Lina was almost trapped in her dress, and no one came to help her, so she took it off and considered, momentarily, putting on a nightgown and prowling about to see what she could discover about the evening and what had happened, or perhaps even confronting the Harlowes to tell them the truth, but she felt quite exhausted, and ill, and terribly sad. Exhaustion, more than any other feeling, won out, and she fell asleep on her side, with her feet still planted indecisively upon the floor.

She was awoken by a banging on her door, and the frantic entry of the house maid, followed by Mrs. Harlowe, wringing her hands. “Caroline, get up, get out of bed!” Mrs. Harlowe almost shouted, while the maid flung open the wardrobe and began to assess it as though it were a pantry, speaking to herself as she did so.

“Oh!” Mrs. Harlowe said, holding her head, and looking about the room frantically.

“Get up, get up!” Mrs. Harlowe said.
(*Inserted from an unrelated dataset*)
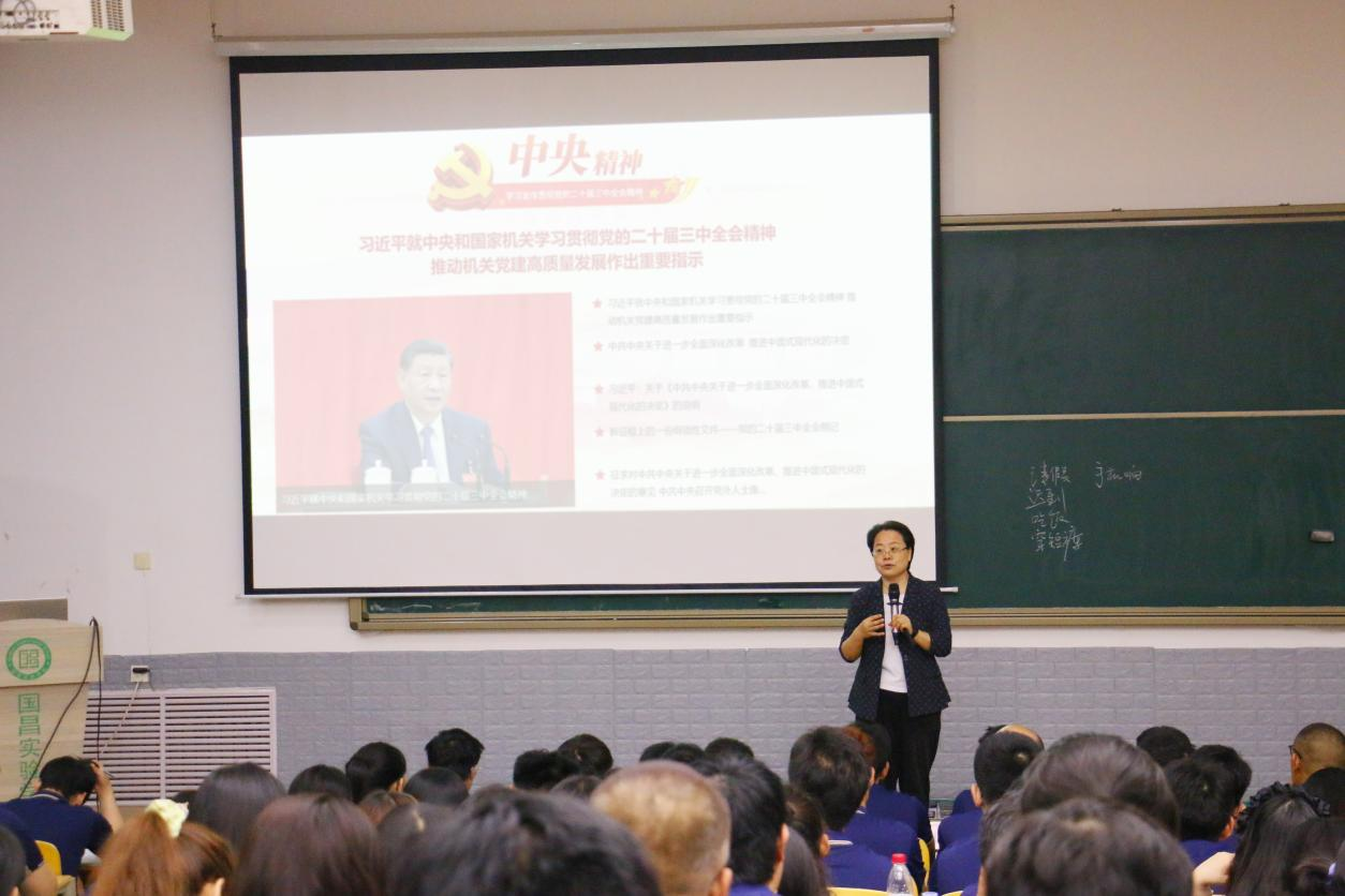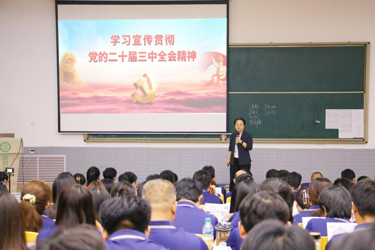 本次宣講由山東濱農科技有限公司工會副主席戚哲芬主講,她以獨特的視角、深厚的理解力和豐富的表現力,不僅深刻闡述了黨的二十屆三中全會的核心價值,更將學習全會精神與濱農科技的宏偉發展藍圖緊密相連。戚主席從三個維度進行了深度解析:

To the maid, she shrieked, “Go and get the chests, I will have her dressed by the time you return, we cannot waste a moment of time!”

“What is happening?” Lina managed to say. “Mrs. Harlowe?”

An ache in her heart gripped her, and she felt another plunge inside of her, as the events of the evening before came back to her. As she watched Mrs. Harlowe pacing the room, waving her hands about, she felt certain that she was being thrown into the streets.

“Hurry, child, and get dressed. It may be possible to salvage this terrible, terrible... incident, yet. Mr. Blackstone has sent for you, you are to be sent immediately to his estate, and he has made no mention of canceling the wedding, nor anything of the kind. He has sent a telegram... can you imagine such a thing? All the way from there?”

Mrs. Harlowe paused at the wonder of modern technology, however briefly, and then set herself to pushing Lina out of bed and toward the wardrobe, where she stripped her of her shift without so much as a word and started to pull a traveling frock over her head.

“But what?” Lina said, from inside the dress as it passed over her head. “What is happening? Mrs. Harlowe, I—”

Mrs. Harlowe spun her around and held her very tightly by the shoulders. Her eyes were filled with a sort of wild fury that Lina had never seen. They were blue, but her temper had made them burn green. She looked almost rabid. “Listen to me, you most insolent little wench. Your loose, wanton behavior at the ball almost cost us everything! By some grand miracle, Mr. Blackstone appears to have decided to send for you immediately to be married anon. So you are being sent off this moment, that you may hopefully arrive and be wed before the rumors of your terrible deeds reach him.” She put a finger up and wagged it sharply in Lina’s face, a crude gesture Lina had never seen the likes of from Mrs. Harlowe in her life. “I do not know what, but the grace of God, has prompted the man to send for you at this moment, but you shall get dressed and be packed up with your things and sent away, and we shall all hope for the very best.”

“Mrs. Harlowe, I don’t recall what happened last night, but I—”

“Say nothing!” Mrs. Harlowe shouted. “Nothing, about last evening. Not a word, not another word. You have disgraced yourself, and you had better start hoping that you say “I do,” before the rumors catch up to you, or...” Mrs. Harlowe pressed her lips together and shook her head. “I don’t know what any of us will do.”

She was packed into a carriage within the hour. Mrs. Harlowe tossed a bag with bread and cheese into the carriage at the last moment, else she might have starved. She did not get a chance to say goodbye to Evangeline, whose nerves had been so frayed that a doctor had been called to give a sedative for her hysteria, nor to Anna, who managed to wave sadly from a window, and make a sign with her hands and fingers of writing a letter. Lina was in tears as the carriage whisked her away, and she was so distraught that she could not even bear to open the curtains and look, for what might be the last time, on the glorious streets of London.